The polymeric coating can be a thermosetting polymeric coating. The
polymeric coating may be formed by multiple layers, and in some
embodiments, the coating has at least three layers, in other
embodiments at least four layers.
[0028] As indicated above, the polymeric coating on the controlled
release fertilizer core may be a polyurethane; this coating may be
produced using three or more than three precursor compounds. For
example, one of the precursor compounds is an isocyanate, such as a
diisocyanate or a polyisocyanate. A non-limiting example of a
suitable diisocyanate is polymeric MDI (4,4 diphenylmethane
diisocyanate). Other poly-functional isocyanates can be used, as
described in U.S. Pat. No. 4,804,403, incorporated herein by
reference (Moore; see for example Column 8, line 64 to Column 9,
line 2 and Example 1), and include aliphatic, aromatic, and
aliphatic aromatic polyisocyanates. Isocyanates contain two or more
--NCO groups available for reaction and, as known to one skilled in
the art, are widely used in the production of urethane polymers.
Non-limiting examples of suitable isocyanates include:
1,6-hexamethylene diisocyanate, 1,4-butylene diisocyanate,
furfurylidene diisocyanate, 2,4-toluene diisocyanate, 2,6-toluene
diisocyanate, 2,4'-diphenylmethane diisocyanate,
4,4'-diphenylmethanie diisocyanate, 4,4'-diphenylpropane
diisocyanate, 4,4'-diphenyl-3,3'-dimethyl methane diisocyanate,
1,5-naphthalene diisocyanate,
1-methyl-2,4-diisocyanate-5-chlorobenzene,
2,4-diisocyanato-s-triazine, 1-methyl-2,4-diisocyanato cyclohexane,
p-phenylene diisocyanate, m-phenylene diisocyanate, 1,4-naphthalene
diisocyanate, dianisidine diisocyanate, bitoluene diisocyanate,
1,4-xylylene diisocyanate, 1,3-xylylene diisocyanate,
bis-(4-isocyanatophenemethane,
bis-(3-methyl-4-isocyanatophenyl)methane, polymethylene polyphenyl
polyisocyanates and mixtures thereof.
[0029] The second of the three or more than three precursor
compounds used to form a polyurethane polymeric coating is a
polyol, for example, as described in U.S. Pat. No. 4,804,403
(Moore; see for example, Column 9, lines 3-20, and Example 1).

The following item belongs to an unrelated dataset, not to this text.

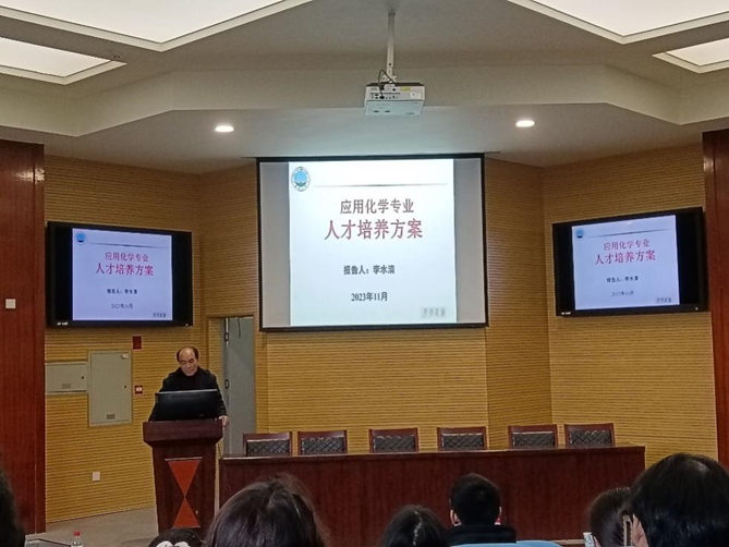 应化系主任李水清老师介绍了应用化学的发展方向、培养目标等,指明应化系广阔的就业前景。他强调,应用化学专业实验仪器完备、师资力量雄厚、未来发展势头良好,希望同学们在讲解之后对应用化学有了更深入的了解,也对自己的职业规划有了更清晰的思路。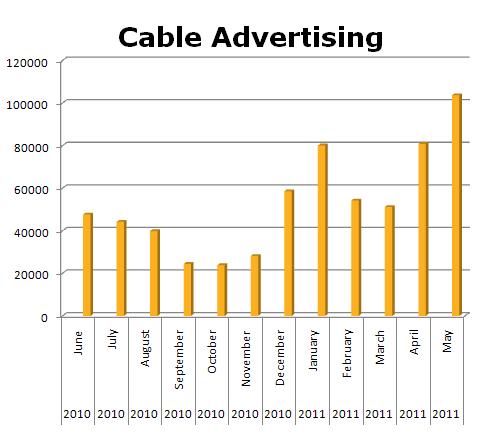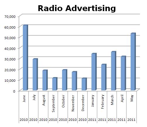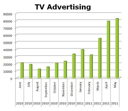 In TV, it appears that they are on a steady upward movement in this media. The total for the last 12 months was 434,977 with the last two months pouring it on: April (79,252) and May (82,836).

Non-limiting examples of polyols include diethylene glycol polyol,
ethylene glycol, polypropylene glycol, organic polyols,
orthophathalate diethylene glycol based polyester polyols,
terephthalate-diethylene glycol based polyester polyols, castor oil
and oils modified to contain amine or OH groups, for example
modified tung oil, vegetable oils such as soybean oil, canola oil,
sunflower oil, linseed oil. See, for example, U.S. Pat. No.
6,364,925 (Markusch et al., Column 8, line 39 to Column 9, line 27
and the examples); and U.S. Pat. No. 6,358,296, incorporated herein
by reference (Markusch et al., see for example Column 9, lines 1 to
13, and the examples), oleo-polyols, for example epoxidized castor
oil, epoxidized sunflower oil, epoxidized linseed oil as described
in U.S. Pat. No. 6,358,296 (Markusch et al.), polyether polyols,
castor oil derivatives for example partial hydrolysates of castor
oil, formed by reacting castor oil with a polyol selected from
diols (e.g. ethylene glycol, propylene glycol, 1,4-butanediol,
neopentyl glycol, 1,6-hexanediol, diethylene glycol, dipropylene
glycol, polyethylene glycol, and polypropylene glycol), glycerol,
trimethylolpropane, and polyether polyol, or esters formed by
reactions between ricinoleic acid and the polyol selected from the
compounds as described in U.S. Pat. No. 6,176,891 (Komoriya et al.;
see for example Column 7, lines 4 to 16, Column 8, lines 49 to 62;
which is incorporated herein by reference), or any combinations
thereof. Cross linked glyceride mixtures, mono- and di-glyceride
mixtures that are not cross linked, and other cross linked polyols
can also be used to form a polyurethane polymeric coating (see for
example, U.S. application Ser. Nos. 13/291,681 and 13/291,698, both
filed Nov. 8, 2011 and incorporated herein by reference).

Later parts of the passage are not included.